The present master thesis contains an investigation about buildings' capacity of heat storage and a calculation tool able to prognosticate the heat demand after simple hourly method of EN ISO 13790.

Smart grid building are one of the newest technologies complying stricter becoming energy requirements of building regulations. To bring energy supply and energy consumption by means of a photovoltaic and heat pump heating system closer together, buildings need a relatively good capacity of storing heat due to the limited period of photovoltaic availability. To investigate which buildings are recommendable for implementing a smart grid system, eight different building variations are created and analysed regarding their ability to store a specific comfort temperature for a selected period of the day. Their heaviness is classified due to a varying heat capacity, ranging from extra light to extra heavy. Moreover, are mentioned heaviness categories further divided into today common standards regarding heat losses and passive house standard. Investigations are implemented in BSim, simulating a constant high heating phase in eight hours of day, to analyse the temperature drop in the remaining 16 hours without heating. An implementation of smart grids seems rational in buildings of actual standard that in majority include heavy materials. All versions of passive houses from light to heavy building heaviness are recommendatory for a smart grid implementation.

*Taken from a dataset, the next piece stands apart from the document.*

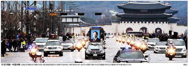 영결식이 끝나고 국회를 나온 운구행렬의 모습을 1면 사진으로 전한 신문도 있었다. 동아일보는 “영결식이 끝난 뒤 YS의 운구행렬은 46년간 거주했던 서울 상도동 사저와 대통령 기념도서관을 들렀다”며 “마지막으로 YS는 동작동 국립서울현충원에 안장됐다. 황교안 국무총리는 조사에서 ‘김 전 대통령이 염원했던 평화롭고 자유롭고 번영하는 나라를 만드는 것이 오늘의 우리들이 해야 할 몫’이라고 강조했다”고 보도했다.

Further, is a main content of present master thesis the design of a calculation tool to make a prognosis regarding the heat demand, which can be implemented into heat pump controller. Chosen method is the simple hourly method after EN ISO 13790 due to the possible input of hourly data from conducted measurements of the smart grid building and its simplicity accompanied with a limited amount of input data. After a short presentation of the theory, a simplified sensitivity analysis is carried out, as the EN ISO 13790 leaves it to a certain degree to the user which weather parameters are to be implemented. External air temperature, solar radiation, wind and relative humidity are taken into consideration, as these can be achieved from weather services.

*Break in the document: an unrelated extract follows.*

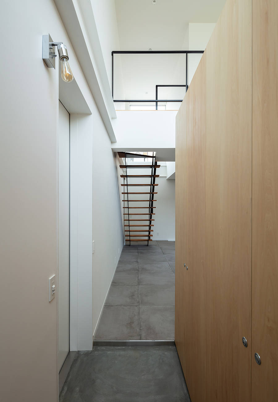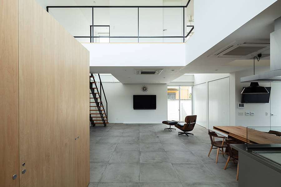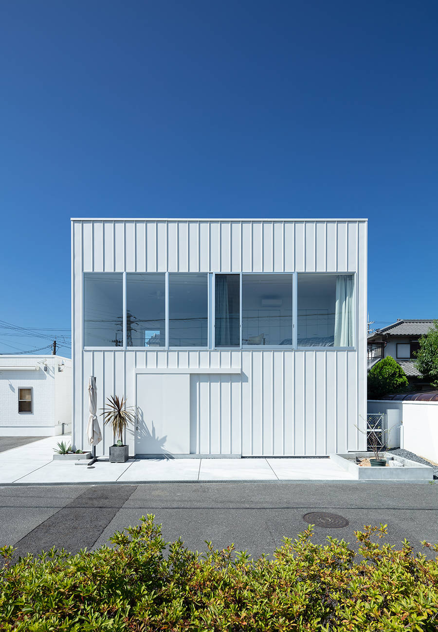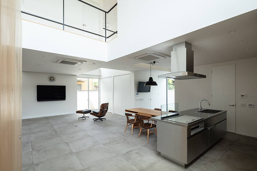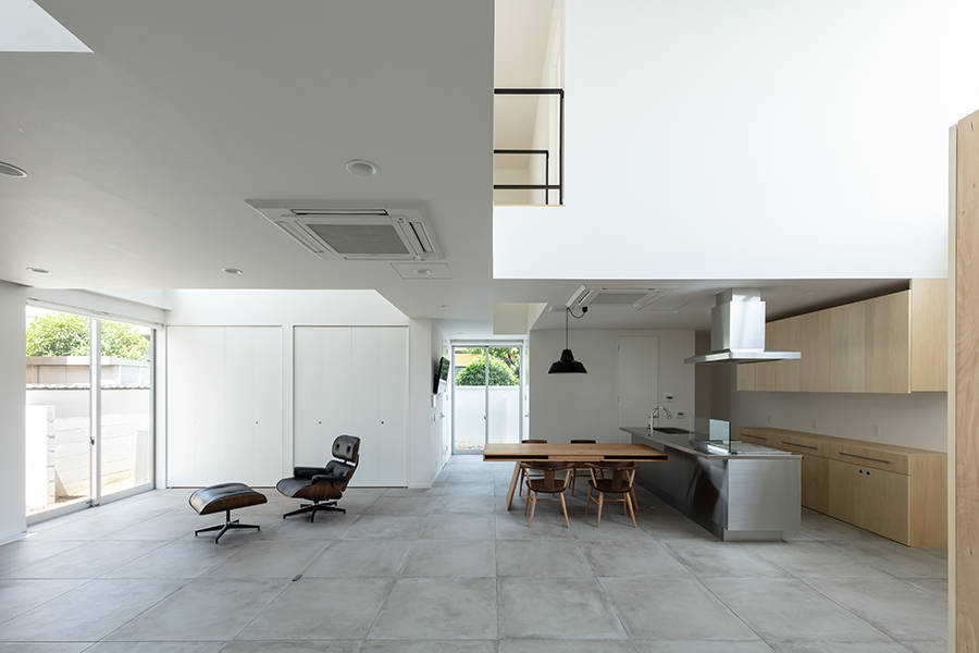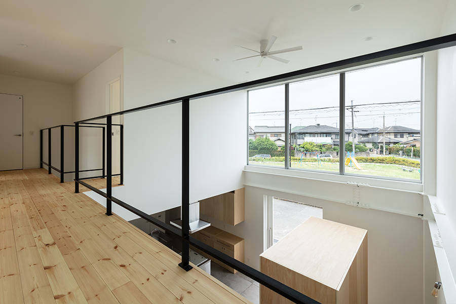 そこで1階にはリビング・ダイニング・キッチンと水周りを、2階には寝室と子供室を配しました。建物は9.1m×9.1mの平面形状とし、リビング・ダイニング・キッチンに柱がないように鉄骨造としました。幾つか吹抜けを設け、吹抜けにはハイサイドライトを設け、1階に自然光を落とすことにしました。2階の窓はハイサイドライトと連窓にしました。

After the amount of input data is delimited, the necessary input information regarding building characteristics and ventilation system are explained. Further is a closer look given to solar and internal heat gains. The output of the calculation tool gives an overview of expected heating demand and expected internal air temperature, when the heating device only delivers in a limited period of the day.

To verify the calculation tool, simulated parameters are compared to measured heating supply and operative temperature of a building of the comfort house project. First, simulated operative temperatures with given heat demand are compared to measured operative temperatures. Second, the simulated heating demand with a given heating set temperature is juxtaposed to measured heating supply. Deviations lay in an acceptable range, which verifies the possible use of the calculation tool in heat pump controller.